Nova Scotia has built up its fund administration and financial services infrastructure as part of its efforts to make the city of Halifax into a financial centre, says Stephen Lund, president and CEO of Nova Scotia Business Inc, the province’s private sector-led business development agency. Currently the province is working on bringing due diligence, IT, accounting and other outsourced services experts to the region, so that all the amenities are there for fund managers who choose to settle down in Nova Scotia.

“Canada has the strongest banking system in the world and we’ve got very good regulatory regimes here,” Lund points out. “We also know there’s a bit of a flight from some places, particularly London and some European cities. We know we’re sitting in a good spot. We’re close enough to the US and we’re close enough to Europe, and the way we do business is pretty close to the way they do business in New York, so we’re easily accepted by US and European companies.”

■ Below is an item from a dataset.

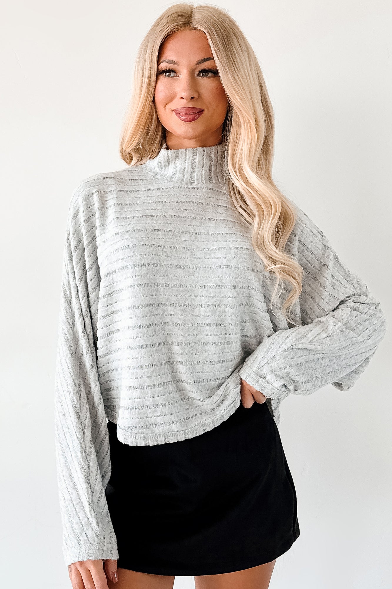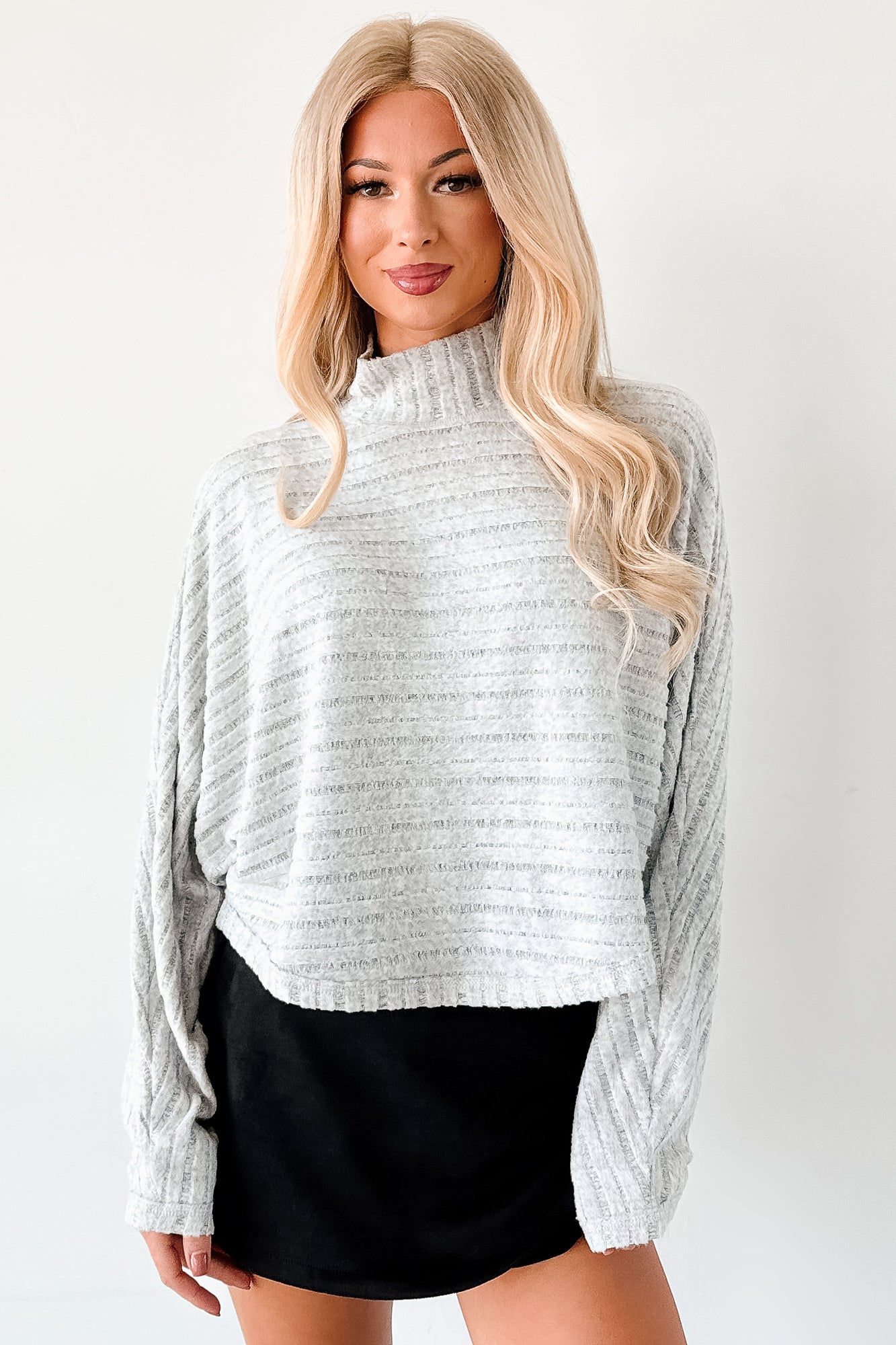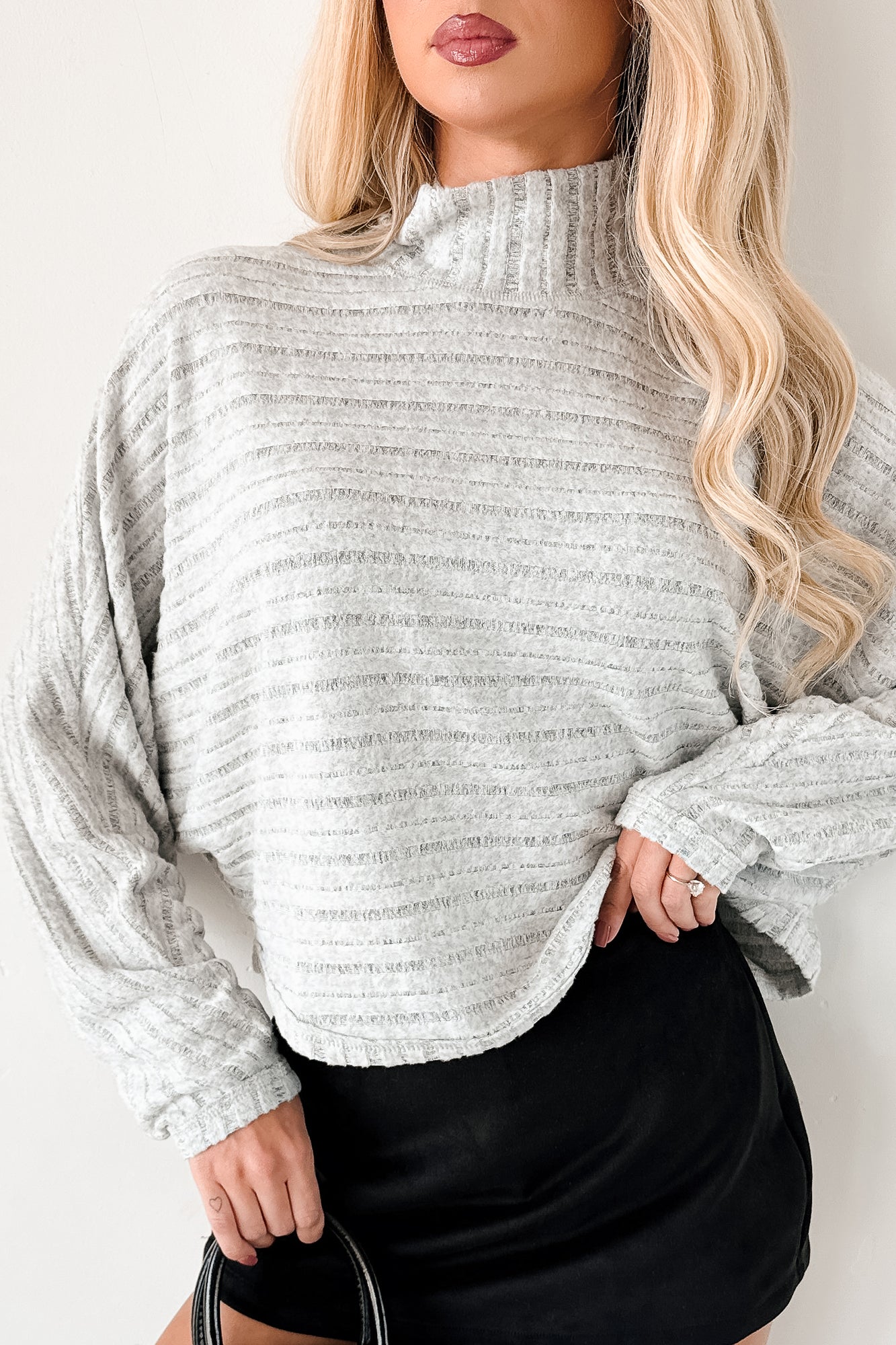 In The Clouds Textured Dolman Long Sleeve Top (Heather Grey)
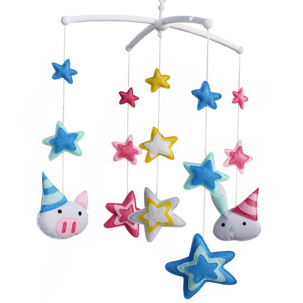 Pigs Stars Baby Crib Mobile Infant Room Hanging Musical Mobile Crib Toy Nursery Decor for Girls Boys

John Weincek, head of US fund administration for Mourant, says that some of the Canadian provinces are reforming their corporate and entity laws, like Delaware and Nevada did years ago, to try to make them more corporation and investor friendly.

“Within the last year, we have witnessed a number of offshore funds being registered in the Canadian provinces for the same reasons you would use any other non-US jurisdiction,” Weincek says. “An example being, you have different investors with different characteristics, for whom there is no particular reason to bring them into the US. People choose jurisdictions basically for stable tax and legal systems, and that’s a little bit up in the air right now with what might be going on with the new administration.”

Other provinces are focusing on deploying public dollars into the venture or private equity space, as part of an effort to combat the country’s flagging deal volume and fundraising numbers, says Richard Rémillard, an executive director at Canada's Venture Capital and Private Equity Association. Alberta has raised C$100 million ($92 million; €63 million) for a fund of funds which will invest in local fund managers and managers who are interested in establishing themselves in Alberta, and Québec has announced a C$700 million fund of funds called the Teralys Capital Fund, seeded by the Québec government with additional funding from the Caisse de dépot and the Solidarity Fund QFL.

Local managers can also take advantage of opportunities to manage government funds in several provinces. Québec has also launched three tech start-up funds and has put out a request for proposals for managers for those funds. Alberta too has put out an RFP for a similar C$100 million fund. On the Federal level, the Business Development Bank received a C$75 million increase in its capital allocation this year, and selected two fund managers to manage it. Then over the summer the BDC got C$90 million for a fund of funds, and then another C$200 million for its own direct investing.